The office of U.S. Rep. Pramila Jayapal (D-Wash.) held a webinar in September titled, “Fighting Corruption: Corporate Capture of the Regulatory Process,” spotlighting corporate domination of the regulatory process and the congresswoman’s proposed legislative solution to this problem.

The webinar featured insights from experts in the field of administrative law who explained how Rep. Jayapal’s Stop Corporate Capture Act (H.R. 6107) begins to address the most egregious problems plaguing our federal system of public protections. The conversation closed with a Q&A session for the panelists.

Lisa Heinzerling, the Justice William J. Brennan, Jr., Professor of Law at Georgetown University Law Center, started the conversation by discussing the problems created by the White House’s review of regulations that protect the public. “Presidents have required agencies in developing significant rules to get approval from the White House,” Heinzerling said.

The White House office responsible for the review of proposed and final agency rules that protect workers, consumers, public health, and the environment is the U.S. Office of Information and Regulatory Affairs (OIRA), the most important office in government you’ve probably never heard of.

Heinzerling explained how corporate-friendly cost-benefit analysis, regulations being held up for political reasons, and the “behind closed doors” meetings at OIRA (with industry and corporate lobbyists being the main participants) create a regulatory review process that is neither transparent nor in the public interest.

“The Stop Corporate Capture Act takes on some of these problems in a dramatic way,” Heinzerling explained. For example, Jayapal’s bill would for the first time establish an Office of the Public Advocate charged with helping members of the public participate more effectively in the rulemaking process.
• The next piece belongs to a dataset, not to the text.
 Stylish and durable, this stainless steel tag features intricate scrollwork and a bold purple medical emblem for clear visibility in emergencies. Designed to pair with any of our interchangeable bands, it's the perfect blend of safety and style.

This will ensure that consumers, workers, and members of the public who benefit from regulations can have a seat at the table and not just corporate special interests.

The bill also establishes deadlines for OIRA review of rules to decrease the number of delayed regulations and increases the transparency of the White House regulatory review process.
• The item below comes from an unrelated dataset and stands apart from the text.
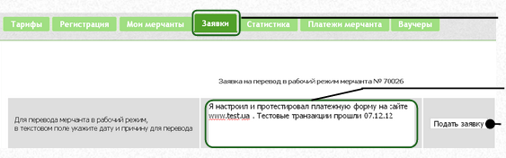 Для перевода мерчанта в рабочий режим перейдите на вкладку Заявки.

David Michaels, epidemiologist and professor at the George Washington University School of Public Health, also spoke at the event and explained how the lack of disclosure of conflicts of interest in scientific and technical studies undermines the integrity of the rulemaking process. Michaels discussed the “funding effect,” which is when financial interests that seek to oppose or weaken regulations that protect the public influence the results of scientific or technical research and studies by funding them.
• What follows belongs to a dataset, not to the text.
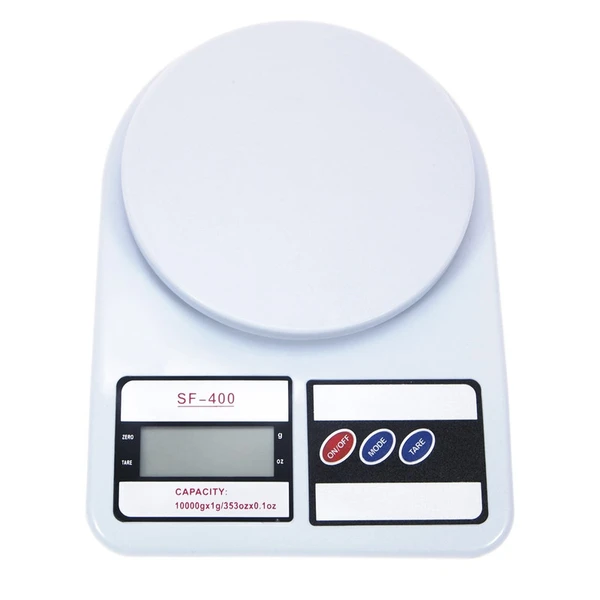ترازو آشپزخانه دیجیتالی الکترونیک مدل SF-400 ظرفیت اندازه گیری تا 10 کیلوگرم را دارد و با توجه به وجود سنسورهای دقیق برای اندازهگیری، میتوان از آن برای اندازهگیری وزن موادغذایی مختلف استفاده نمود. از دیگر ویژگیهای آن میتوان به دقت اندازه گیری 1 گرم آن اشاره نمود و این به معنای اطمینان از کارایی محصول است. روی دستگاه یک نمایشگر برای نشان دادن وزن و سه دکمه قرار داده شده است. از قابلیتهای این ترازو، امکان تبدیل وزن به اونس و گرم است. به عبارت دیگر شما میتوانید وزن را بر اساس اونس و گرم روی ترازو ببینید و تبدیل آن با استفاده از دکمه MODE انجام میپذیرد. دکمه TARE نیز برای صفر کردن ترازو است. همچنین قابلیت خاموش شدن خودکار را هم دارد و در صورتی که مدت کوتاهی بدون استفاده باشد، به صورت اتوماتیک خاموش میشود تا میزان انرژی کمتری را مصرف کند و عمر طولانیتر هم داشته باشد.

He applauded how the Stop Corporate Capture Act provides for conflict-of-interest disclosures comparable to those required by scientific and medical journals, so agencies and the public know when research or studies have been tainted by corporate influence.

“Major science and medical journals say if a sponsor of a study (i.e., an oil or chemical company) has a role in how it’s written, these journals won’t even publish it,” said Michaels. “The journal has to say the company had no control over the results.”

Finally, James Goodwin, senior policy analyst with the Center for Progressive Reform, highlighted how the Stop Corporate Capture Act “is the first comprehensive progressive regulatory bill [he has] ever seen… and probably the first ever.” Goodwin provided a historical timeline of the regulatory system in the U.S. and compared it to where the country stands today.

“At the turn of the 20th century, we see modern regulatory systems develop, and it looks a lot like today,” said Goodwin. He explained how the government was corrupt, not responsive to the public’s needs, and had a business-friendly judiciary in the face of widespread economic inequality, much like present-day.

“The Stop Corporate Capture Act helps move the regulatory system to its fuller democratic principle,” he added.